En este inicio rápido, va a registrar una aplicación en Azure Portal con el fin de que la plataforma de identidad de Microsoft pueda proporcionar servicios de autenticación y autorización para la aplicación y sus usuarios.

La plataforma de identidad de Microsoft realiza la administración de identidades y acceso (IAM) solo para las aplicaciones registradas. Tanto si se trata de una aplicación cliente (por ejemplo, móvil o web) como de una API web que respalda una aplicación cliente, al registrarlas se establece una relación de confianza entre la aplicación y el proveedor de identidades, es decir, la plataforma de identidad de Microsoft.

Sugerencia

Para registrar una aplicación en Azure AD B2C, siga los pasos que se indican en Tutorial: Registro de una aplicación web en Azure AD B2C.

Requisitos previos

Registro de una aplicación

El registro de la aplicación establece una relación de confianza entre la aplicación y la plataforma de identidad de Microsoft.
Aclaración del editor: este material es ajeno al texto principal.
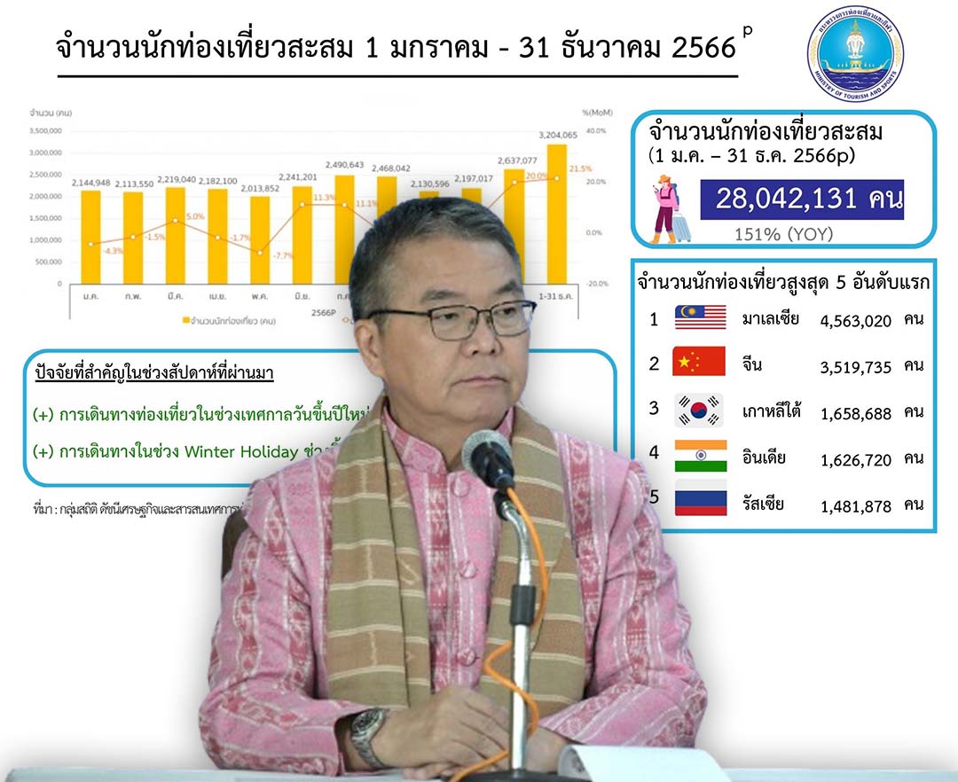สรุปตัวเลขนักท่องเที่ยวเยือนไทยปี2566 สูงกว่า28ล้านคนช่วงวันปีใหม่5.4หมื่นคน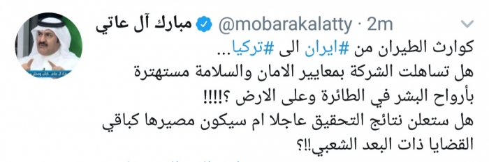 وكتب آل عاتي، في تغريدة له عبر موقع التواصل الاجتماعي تويتر، تابعها المشهد العربي: "كوارث الطيران من إيران إلى تركيا"، متسائلا: "هل تساهلت الشركة بمعايير الأمان والسلامة مستهترة بأرواح البشر في الطائرة وعلى الأرض؟".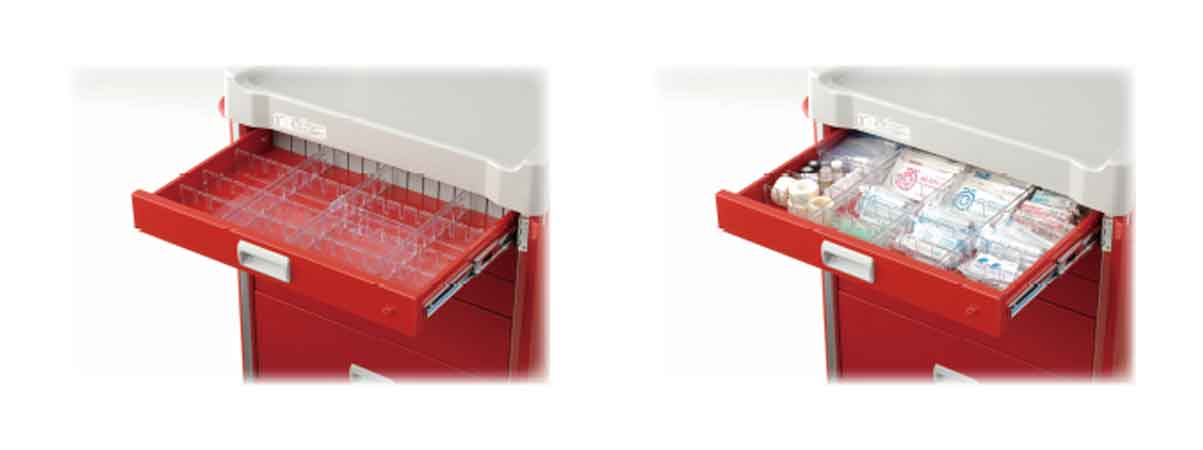 The drawers of the medical cart come in three different depth and sizes. Specially designed dividers in the drawers also allow for easy classification and management of medication and other diagnostic materials. The adjustable dividers help to keep things organized in a systematic way according to one's needs.Single Key Lock System

La confianza es unidireccional: la aplicación confía en la plataforma de identidad de Microsoft y no al revés.

Siga estos pasos para crear el registro de la aplicación:

  1. Inicie sesión en Azure Portal.

  2. Si tiene acceso a varios inquilinos, use el filtro Directorios y suscripciones del menú superior para ir al inquilino en el que quiere registrar la aplicación.

  3. Busque y seleccione Azure Active Directory.

  4. En Administrar, seleccione Registros de aplicaciones > y, luego, Nuevo registro.

  5. Escriba un Nombre para mostrar para la aplicación. Los usuarios de la aplicación pueden ver el nombre para mostrar cuando usan la aplicación, por ejemplo, durante el inicio de sesión. Puede cambiar el nombre para mostrar en cualquier momento y varios registros de aplicaciones pueden compartir el mismo nombre. El identificador de la aplicación (cliente) generado automáticamente del registro de la aplicación, y no su nombre para mostrar, identifica de forma única la aplicación en la plataforma de identidades.

  6. Especifique qué personas pueden usar la aplicación. A veces, se conoce a estas personas como público de inicio de sesión.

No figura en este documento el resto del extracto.